Two weeks ago I shared Dad’s One Pot Spanish Rice. This week I’m sharing Mom’s Quinoa Salad.
Sorry this week’s recipe is so late. My parents were visting me the past week and I didn’t have any time to film, let alone cook! So this week I’ll share what my mom made me.
This is my mom’s favourite recipe to make when we have family over. I don’t know what the reason is, but my hypothesis is:
it’s easy,
and it’s been well liked in the past,
which is a good indication that it will be well liked in the future at family gatherings.
Mom’s Quinoa Salad
Serves: 6 - 8 as a main course, or about 10 - 12 as a side
Prep time: 10 minutes
Cook time: 20 minutes (or more, if you use a rice cooker)
Tools:
A large pot
Ingredients
Quinoa
2 cups quinoa, uncooked
4 cups water
1/2 tsp salt
pinch of ground pepper
Remainder
1 can black beans, rinsed and drained
2 tbsp balsamic vinegar
1 red pepper, finely chopped
4 green onions, finely chopped
1/4 cup fresh cilantro, chopped
1/4 cup lime juice
1/2 cup olive oil
1/4 tsp cumin
1 tsp red pepper flakes
1 garlic clove, minced
salt and pepper to taste
Method
Make the quinoa: rinse it with cold water and drain well.
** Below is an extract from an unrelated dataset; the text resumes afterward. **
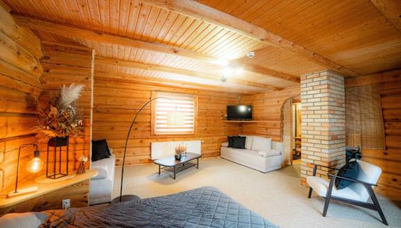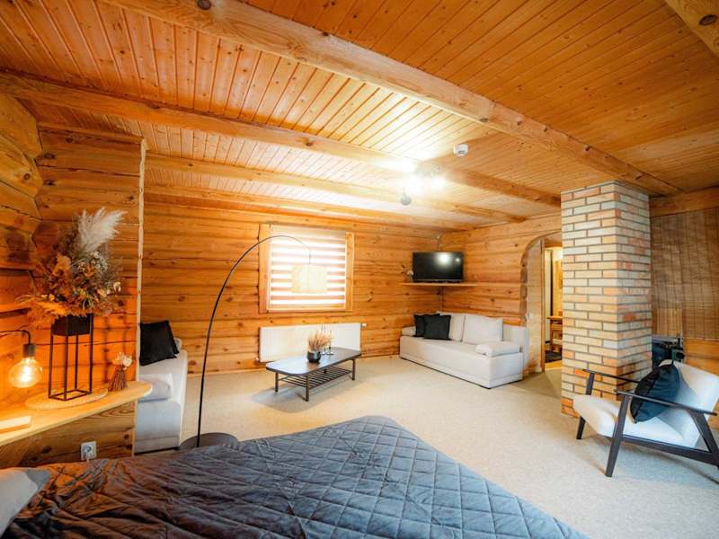 Das Ferienhaus im Viesu nams SAKNĪTES verfügt über ein separates Schlafzimmer, ein gemütliches Wohnzimmer und eine voll ausgestattete Küche mit Kühlschrank und Geschirrspüler. Das Ferienhaus bietet zudem einen Sitzbereich und ein Badezimmer. Kostenloses WLAN ist verfügbar.

Option 1: Cook in a rice cooker. Put quinoa in the rice cooker along with the water (4 cups), 1/2 tsp salt, and pinch of ground pepper. Cook.
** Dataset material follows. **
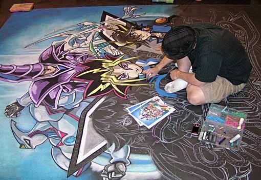 It was lunchtime, so I headed to the lobby, passing this impressive piece of chalk art in progress. The show is also an anime festival, and while I'm not into that, there was plenty of manga art to see and buy, manga artists to meet, and manga publishers, costume vendors and so on mixed among the comics booths. Downstairs there's a food court with what looked like good vendors, but also very long lines, so I decided to walk outside to find a place for lunch.

Option 2: Cook on the stove top. Put quinoa in a medium pot along with the water, salt, and pepper. Bring to a boil, then turn down the heat and let simmer covered for 17 minutes. Take off the heat after 17 minutes is up, and uncover the pot to let it cool completely.
While the quinoa is cooking, make the sauce:
Whisk the lime juice, olive oil, cumin, red pepper and garlic.
Taste the sauce.
Add salt and black pepper.
Taste.
Add salt and black pepper.
Repeat until satisfied.
While the quinoa is cooking (or cooling):
Toss the beans and vinegar together in a large mixing bowl.
Add the red pepper, green onion, cilantro, black beans, and quinoa (once it has cooled).
Mix together.
Add the sauce to the mixing bowl. Mix everything together.
Enjoy!
Link to printer version.
Meal prep this! Make a triple batch. It keeps well in the fridge for about 5 days to a week. And it tastes even better when it has sat overnight, as that lets the flavours marinate.
Make it (even) tastier: Add a tahini dressing to it. Try mixing together the following, and pouring it over the salad. Adjust as desired:
1/4 cup tahini
1/2 tsp cumin
1/2 tsp salt
1/2 tsp sugar
3 tbsp water (more or less depending on how thick you like your sauce)
Roast the red pepper: Instead of one fresh red pepper, try dicing up two red peppers (they will shrink when cooked) and using that instead. It’s easy enough as you just have to add the extra step of putting the red pepper into the oven.
Roast at 425 degrees F, for about 18 to 20 minutes or until roasted to your liking.
Add more protein: Double the amount of beans. Or add a can of chickpeas in addition to black beans.
Quinoa: You could use rice if you like. I don’t think it’ll turn out as well, but it’s doable.
Black beans: Use chickpeas, white beans, or whatever protein. Cubes of firm tofu could work too.
Red pepper: Green pepper, carrots, or another other vegetable could work here. Red pepper is nice though because it’s sweet, and because it adds a nice colour.
Cilantro: If you don’t enjoy the taste of cilantro, then feel free to omit.
Lime juice: Sub lemon juice in a 1:1 ratio.
Red pepper flakes: Sub chili flakes.